The Elephant and the Light Bulb

I came across an old absurdist joke recently. ‘Q. How many elephants does it take to change a lightbulb? A. None, elephants can’t change lightbulbs stupid’. As daft as it is, it has taken on a new meaning for me because I've realised what the elephant represents, why he can’t change the lightbulb and more importantly why he can’t switch it on. Allow me to explain.

Killing the elephant

The elephant is a big one and he’s in the room and I see him daily. He goes by the name of The Creativity Myth. The myth perpetuates the idea of creativity as a mysterious force, a special ability that only exists in ‘creative types’, embodied in the vision of the lone genius. It’s not uncommon to hear people with sharp, inquisitive minds sell themselves short with the words ‘don’t ask me I’m not creative’ which is a great shame. The myth erodes confidence in people’s creative abilities as it's based in such a narrow assumption of what creativity really is. I think the problem starts with the way in which great works of art influence us from an early age and the perceptions we build of their authors as geniuses. From the prodigious output of Mozart and Picasso to the wild invention of Jimi Hendrix we quickly become seduced by the powerful sensory allure of their creative product, deluded in the premise that their art just burst out of their heads as a result of their unfathomable talents. Along the way we have aligned the notion of creativity with free artistic self-expression only, ignoring the many facets of creative thinking that fuel innovation in every aspect of daily life.

Robots can’t rap

Living in a world of constant change, a better understanding of the mechanics of how creativity works has never been so important. A recent survey of top global CEO’s reported that the leadership quality they valued most is the ability to solve problems creatively. Even as technology surpasses the human ability to process large amounts of information, solve complex problems and decipher and predict our likes and dislikes, there’s unique human element to creativity that machines find difficult to replicate. You can feed hundreds of old funk samples into as many clever algorithms as you like but you still won’t get hip hop or robots that can rap!

Whole brain thinking

Creativity is all about the ability to see the world in new ways, make connections, find connections between unrelated ideas, generate solutions and bring something new and valuable into the world. Looking at creativity through a problem-solving lens is the key to understanding how it works as a process. Problem solving suffers from the perception of it being a linear, left brain analytical activity. However, to come up with new ideas of any kind there is an interplay between logic and intuition, a process of absorbing knowledge, questioning assumptions, experimenting, synthesising information and looking at things from new perspectives. A sometimes frustrating and intense iterative cycle that takes hard work and practice to generate results. The antithesis of the creativity myth.

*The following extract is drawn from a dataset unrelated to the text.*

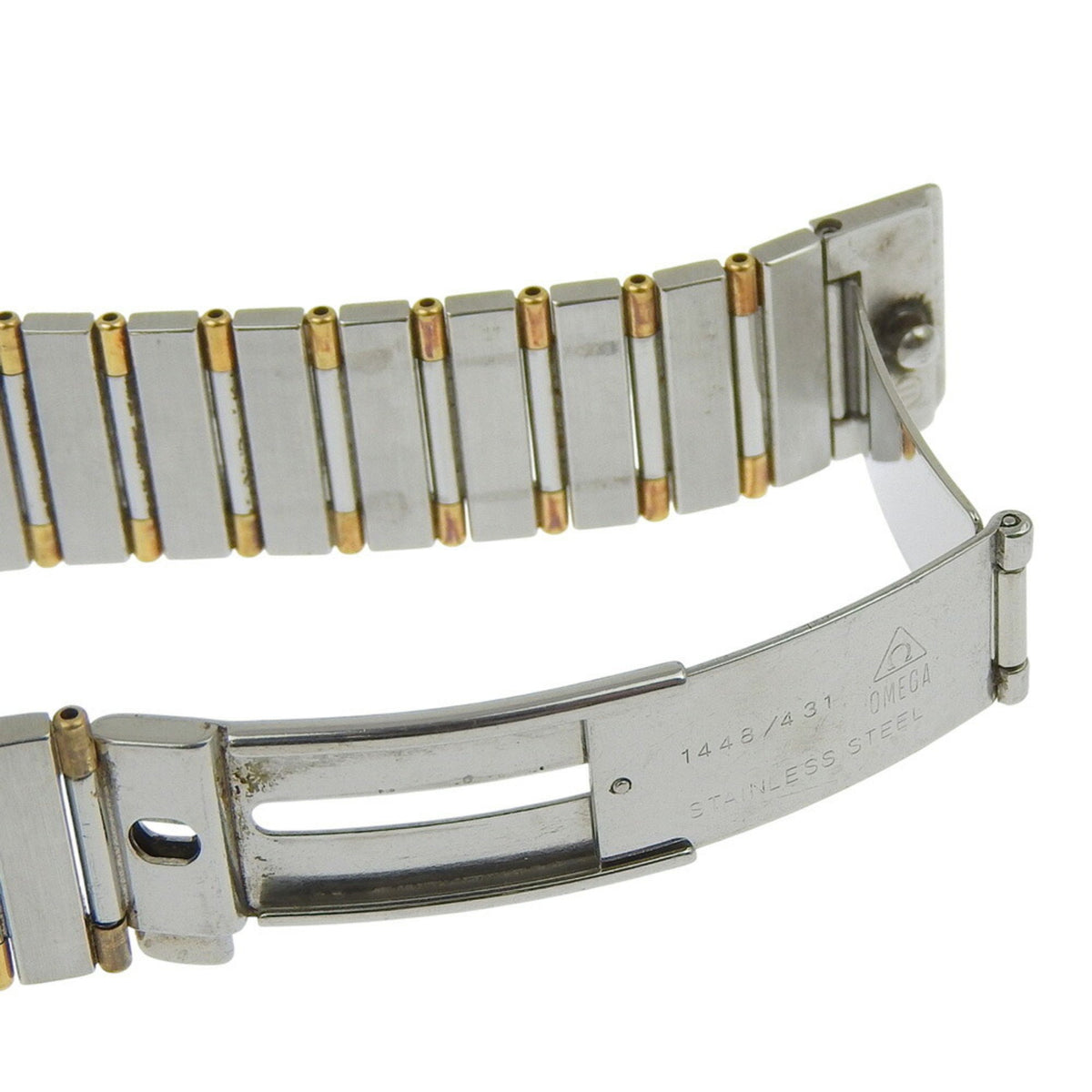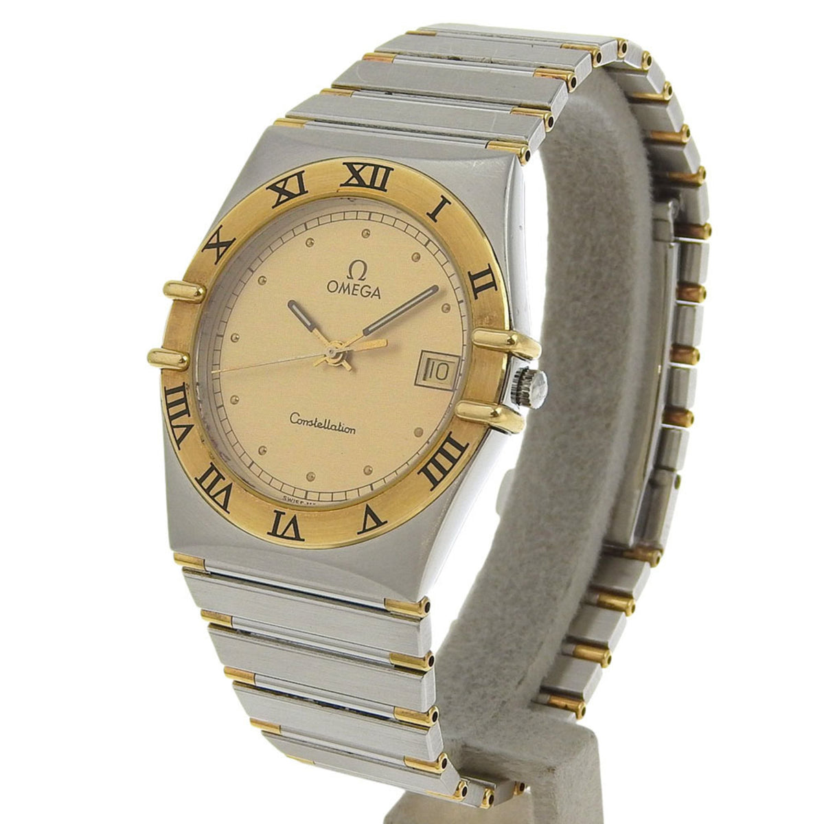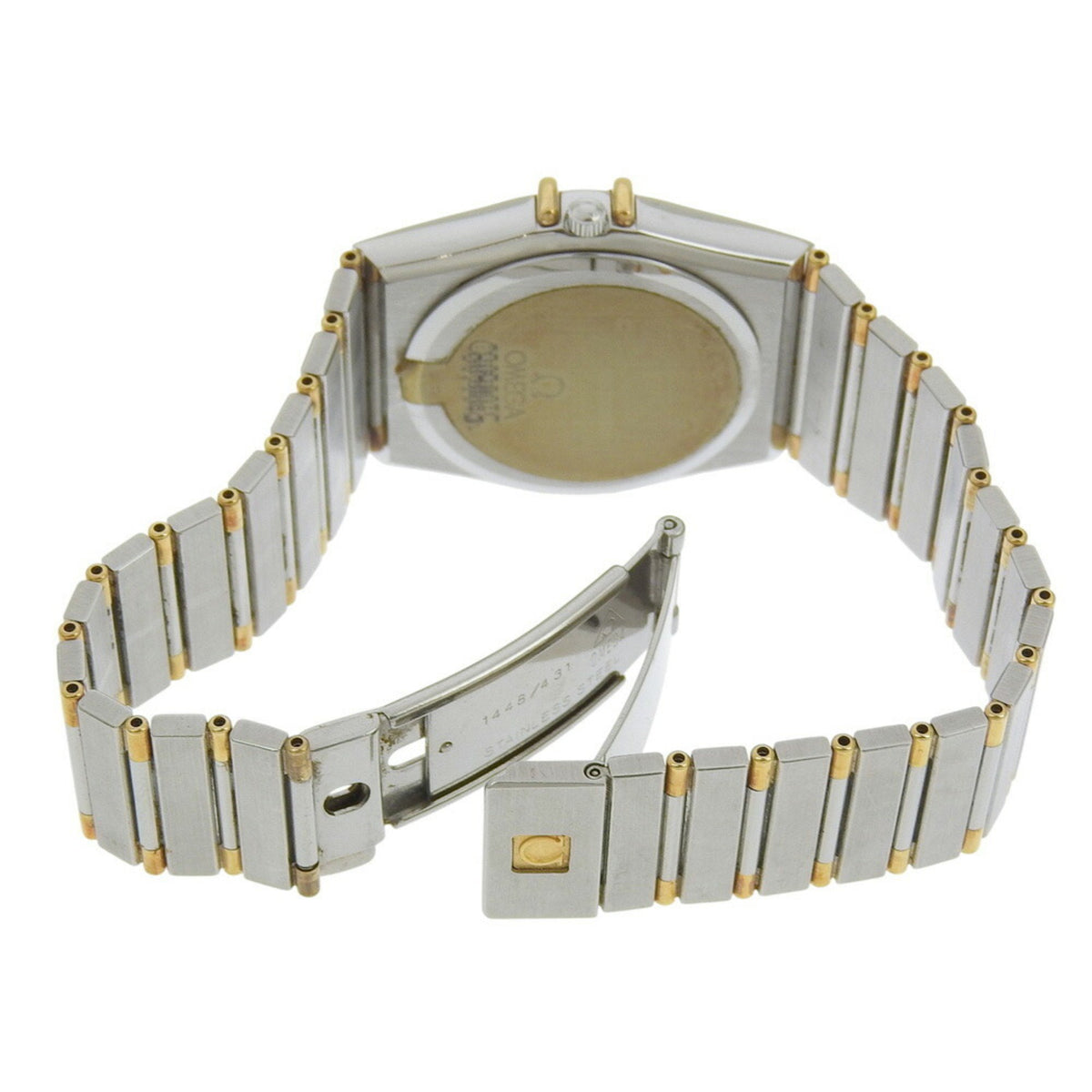 Pre-Owned OMEGA Constellation watch, caliber 1441 1448.431, stainless steel with yellow gold, 1989, quartz movement, analog display, gold dial, men's.
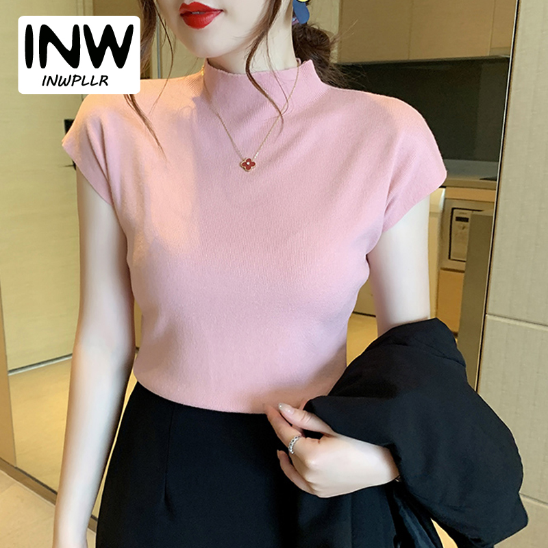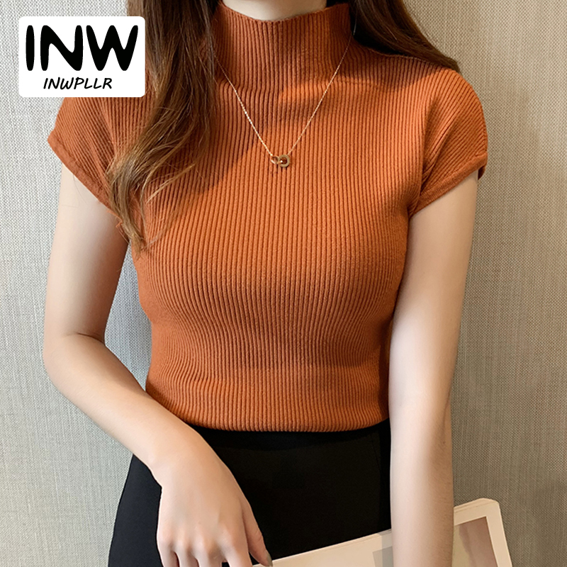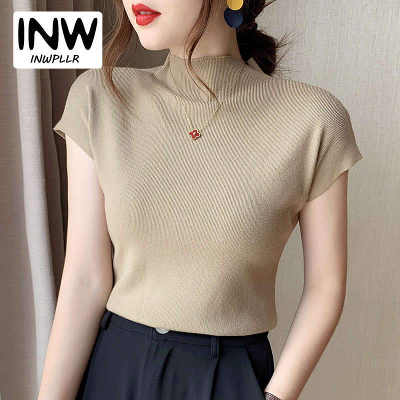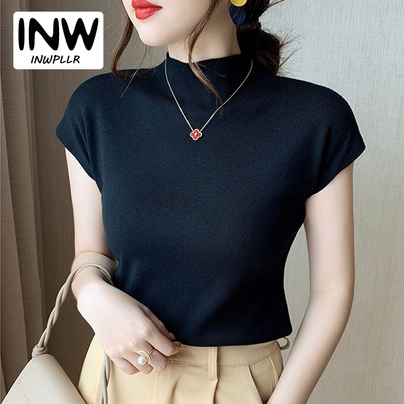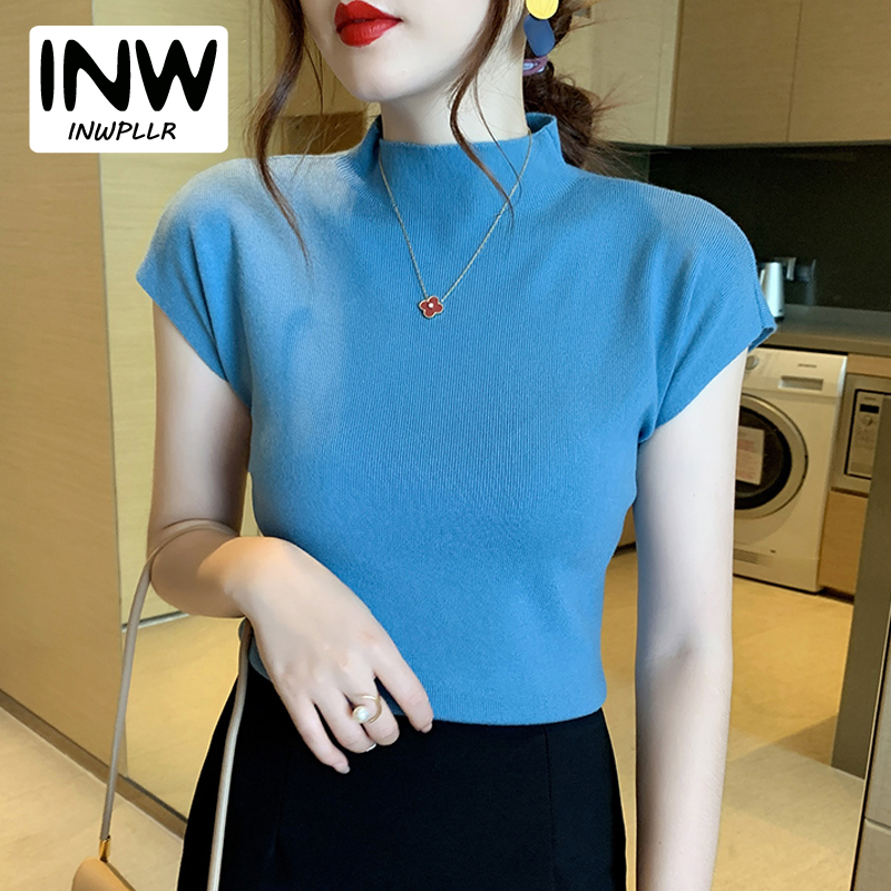 INWPLLR New Casual Women T-shirt Half Turtleneck Short Sleeve Plain Top Summer Slim Bottoming Knitted Tshirts Ladies

Great creative solutions are not generated in a vacuum; this is why the idea of a blank canvas can be intimidating for many as it’s a fairly impoverished place to start. Jimi Hendrix didn’t just spring out of nowhere wearing a feather boa rocking dynamite riffs. He spent years practicing hard on the road with rhythm and blues and soul bands working within and pushing against the boundaries of their musical structures, learning, always looking for small changes he could make, absorbing new influences into his repertoire, turning his amplifier up too loud and finding out it sounded pretty cool. He slowly discovered he could build a new sound that had never been heard before by making connections between all these influences. Every innovator stands on the shoulders of giants. Perhaps the 60s acid played its part too!

Look to the stars

A visualisation method I use when thinking about the process of creating an idea is the metaphor of star gazing, searching out new shapes and constellations that might suggest stories in an huge expanse of tiny lights. Just as our ancestors did before computers! It's a process of looking to make sense and put some order and meaning on a seemingly infinite range of possibilities by making connections. Joining the dots. Each dot is a valuable input, ensuring I'm never starting from a blank canvas. The dots take many shapes and sizes and play a part in influencing the outcome- part of a brief, a memory, a scene from a film, a feeling, a story, a sound.... The best ideas happen when those influences aren't all other creative executions (I'm looking at you Pinterest board!) The point is that the more inputs I put in, the more diverse I make them, the more I observe them, rearrange them and look at them from a new angle, the more connections I make - the more chance I have of a good idea coming out the other end. It’s my way of transforming the elephant into a unicorn!